Given the records below, would you repeat exactly the lines that begin at the one containing "이날 협약은 전국공무원노동조합" and end at the one containing "Visit Proof |", inclusive?

[Excerpts from a dataset]
———
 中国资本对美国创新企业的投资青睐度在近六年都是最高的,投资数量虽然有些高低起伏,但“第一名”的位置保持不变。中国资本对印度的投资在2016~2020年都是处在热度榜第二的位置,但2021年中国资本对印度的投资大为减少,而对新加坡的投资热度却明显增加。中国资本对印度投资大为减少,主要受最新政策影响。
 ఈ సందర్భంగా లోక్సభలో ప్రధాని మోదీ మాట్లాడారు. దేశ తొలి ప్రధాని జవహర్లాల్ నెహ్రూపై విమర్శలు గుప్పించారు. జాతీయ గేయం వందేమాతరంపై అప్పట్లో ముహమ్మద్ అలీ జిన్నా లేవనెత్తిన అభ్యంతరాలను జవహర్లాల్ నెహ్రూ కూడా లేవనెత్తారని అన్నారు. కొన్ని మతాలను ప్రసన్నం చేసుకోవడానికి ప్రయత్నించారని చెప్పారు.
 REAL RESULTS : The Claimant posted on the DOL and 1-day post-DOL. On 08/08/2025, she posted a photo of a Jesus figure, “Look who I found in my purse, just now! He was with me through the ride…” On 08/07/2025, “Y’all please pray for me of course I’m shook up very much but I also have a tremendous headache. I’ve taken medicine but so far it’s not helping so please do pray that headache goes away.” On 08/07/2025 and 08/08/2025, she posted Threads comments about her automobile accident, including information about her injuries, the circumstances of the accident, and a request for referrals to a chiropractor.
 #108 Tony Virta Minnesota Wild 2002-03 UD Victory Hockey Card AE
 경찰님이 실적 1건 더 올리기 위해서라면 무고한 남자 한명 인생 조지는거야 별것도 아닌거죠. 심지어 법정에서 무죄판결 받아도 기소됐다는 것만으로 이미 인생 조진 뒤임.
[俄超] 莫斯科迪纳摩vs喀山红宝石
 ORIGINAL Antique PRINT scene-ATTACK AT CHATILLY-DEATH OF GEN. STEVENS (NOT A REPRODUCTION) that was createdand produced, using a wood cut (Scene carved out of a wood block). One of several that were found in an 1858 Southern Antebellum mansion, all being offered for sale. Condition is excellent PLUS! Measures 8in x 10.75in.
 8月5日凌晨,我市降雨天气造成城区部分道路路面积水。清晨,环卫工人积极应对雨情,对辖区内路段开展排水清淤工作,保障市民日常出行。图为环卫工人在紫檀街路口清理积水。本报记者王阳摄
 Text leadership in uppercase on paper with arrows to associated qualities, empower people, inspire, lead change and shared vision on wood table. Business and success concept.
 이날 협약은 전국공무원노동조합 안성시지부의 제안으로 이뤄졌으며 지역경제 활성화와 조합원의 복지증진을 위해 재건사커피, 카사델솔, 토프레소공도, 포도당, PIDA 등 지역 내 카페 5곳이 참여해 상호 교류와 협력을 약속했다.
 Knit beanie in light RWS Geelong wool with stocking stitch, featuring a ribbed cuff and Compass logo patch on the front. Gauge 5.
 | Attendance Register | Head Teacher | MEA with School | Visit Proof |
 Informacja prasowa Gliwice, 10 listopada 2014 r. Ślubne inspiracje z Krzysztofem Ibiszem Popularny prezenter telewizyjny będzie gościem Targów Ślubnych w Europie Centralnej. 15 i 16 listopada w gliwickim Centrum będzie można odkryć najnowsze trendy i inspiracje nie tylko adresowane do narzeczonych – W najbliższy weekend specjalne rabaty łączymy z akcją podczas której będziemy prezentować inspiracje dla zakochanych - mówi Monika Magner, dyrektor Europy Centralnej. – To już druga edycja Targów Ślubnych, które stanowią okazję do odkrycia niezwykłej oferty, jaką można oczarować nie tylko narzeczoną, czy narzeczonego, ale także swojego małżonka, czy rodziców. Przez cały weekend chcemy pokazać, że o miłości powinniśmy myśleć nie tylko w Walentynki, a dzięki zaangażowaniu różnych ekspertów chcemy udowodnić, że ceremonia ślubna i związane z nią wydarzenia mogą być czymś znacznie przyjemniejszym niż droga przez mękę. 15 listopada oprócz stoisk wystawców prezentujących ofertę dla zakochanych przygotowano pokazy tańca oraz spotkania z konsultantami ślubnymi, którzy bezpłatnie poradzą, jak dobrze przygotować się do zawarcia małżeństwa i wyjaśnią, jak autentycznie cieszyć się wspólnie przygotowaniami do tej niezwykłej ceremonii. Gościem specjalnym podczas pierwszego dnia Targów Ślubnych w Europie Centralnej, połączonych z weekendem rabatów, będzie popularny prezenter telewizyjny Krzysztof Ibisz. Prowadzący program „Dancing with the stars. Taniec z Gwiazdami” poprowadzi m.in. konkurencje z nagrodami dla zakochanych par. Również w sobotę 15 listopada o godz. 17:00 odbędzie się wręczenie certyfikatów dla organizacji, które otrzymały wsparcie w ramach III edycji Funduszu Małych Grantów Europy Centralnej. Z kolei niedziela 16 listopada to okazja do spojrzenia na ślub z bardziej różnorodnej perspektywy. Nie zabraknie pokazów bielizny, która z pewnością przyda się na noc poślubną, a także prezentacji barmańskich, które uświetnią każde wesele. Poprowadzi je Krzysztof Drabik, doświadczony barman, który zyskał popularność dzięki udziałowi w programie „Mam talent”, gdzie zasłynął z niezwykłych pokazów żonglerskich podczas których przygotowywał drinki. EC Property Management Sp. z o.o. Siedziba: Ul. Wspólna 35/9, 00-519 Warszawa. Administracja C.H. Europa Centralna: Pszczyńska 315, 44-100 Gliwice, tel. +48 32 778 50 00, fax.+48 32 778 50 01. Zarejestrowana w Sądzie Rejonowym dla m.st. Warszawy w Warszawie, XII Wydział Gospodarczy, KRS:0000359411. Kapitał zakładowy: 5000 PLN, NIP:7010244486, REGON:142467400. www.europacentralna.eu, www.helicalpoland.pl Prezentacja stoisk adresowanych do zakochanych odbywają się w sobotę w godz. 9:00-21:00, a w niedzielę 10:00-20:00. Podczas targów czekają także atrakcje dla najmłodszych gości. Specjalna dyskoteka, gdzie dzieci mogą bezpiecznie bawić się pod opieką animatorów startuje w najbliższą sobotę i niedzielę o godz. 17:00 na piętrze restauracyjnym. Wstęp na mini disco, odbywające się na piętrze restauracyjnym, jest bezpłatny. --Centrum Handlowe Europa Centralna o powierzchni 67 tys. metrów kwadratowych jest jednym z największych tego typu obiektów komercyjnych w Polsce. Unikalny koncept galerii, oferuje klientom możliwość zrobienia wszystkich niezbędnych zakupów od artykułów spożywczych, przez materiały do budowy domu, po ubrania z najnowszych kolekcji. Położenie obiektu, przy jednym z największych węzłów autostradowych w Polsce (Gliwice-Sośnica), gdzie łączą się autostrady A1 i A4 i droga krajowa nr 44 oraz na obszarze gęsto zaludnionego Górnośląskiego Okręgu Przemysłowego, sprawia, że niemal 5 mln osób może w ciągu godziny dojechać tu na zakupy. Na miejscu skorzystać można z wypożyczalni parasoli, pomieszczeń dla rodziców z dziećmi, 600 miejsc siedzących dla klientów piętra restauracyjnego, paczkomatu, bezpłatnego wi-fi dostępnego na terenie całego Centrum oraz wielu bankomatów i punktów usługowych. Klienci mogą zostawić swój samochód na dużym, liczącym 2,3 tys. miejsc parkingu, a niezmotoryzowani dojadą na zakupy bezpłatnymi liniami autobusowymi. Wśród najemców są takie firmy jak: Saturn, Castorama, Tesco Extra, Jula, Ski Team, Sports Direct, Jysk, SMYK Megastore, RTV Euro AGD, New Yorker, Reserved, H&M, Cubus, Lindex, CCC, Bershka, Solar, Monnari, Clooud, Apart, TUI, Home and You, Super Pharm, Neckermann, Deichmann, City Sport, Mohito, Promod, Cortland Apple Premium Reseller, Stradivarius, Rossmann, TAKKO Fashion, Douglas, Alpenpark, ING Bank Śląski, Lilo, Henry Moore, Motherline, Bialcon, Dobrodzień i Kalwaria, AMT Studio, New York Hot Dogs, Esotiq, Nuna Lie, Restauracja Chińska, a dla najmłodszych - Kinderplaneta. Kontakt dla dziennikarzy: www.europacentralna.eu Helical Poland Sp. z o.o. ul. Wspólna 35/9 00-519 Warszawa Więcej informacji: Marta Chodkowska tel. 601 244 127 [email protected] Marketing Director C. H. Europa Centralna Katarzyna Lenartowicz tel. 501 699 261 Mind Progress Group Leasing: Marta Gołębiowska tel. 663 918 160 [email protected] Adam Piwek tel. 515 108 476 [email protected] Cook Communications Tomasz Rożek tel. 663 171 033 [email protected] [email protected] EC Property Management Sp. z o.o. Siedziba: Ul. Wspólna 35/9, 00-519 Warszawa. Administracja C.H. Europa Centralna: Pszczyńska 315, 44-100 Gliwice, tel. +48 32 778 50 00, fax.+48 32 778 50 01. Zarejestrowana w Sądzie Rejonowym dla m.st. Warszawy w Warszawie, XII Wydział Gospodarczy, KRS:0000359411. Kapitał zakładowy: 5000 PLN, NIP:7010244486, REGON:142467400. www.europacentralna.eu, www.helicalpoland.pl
———
Expected output:
 이날 협약은 전국공무원노동조합 안성시지부의 제안으로 이뤄졌으며 지역경제 활성화와 조합원의 복지증진을 위해 재건사커피, 카사델솔, 토프레소공도, 포도당, PIDA 등 지역 내 카페 5곳이 참여해 상호 교류와 협력을 약속했다.
 Knit beanie in light RWS Geelong wool with stocking stitch, featuring a ribbed cuff and Compass logo patch on the front. Gauge 5.
 | Attendance Register | Head Teacher | MEA with School | Visit Proof |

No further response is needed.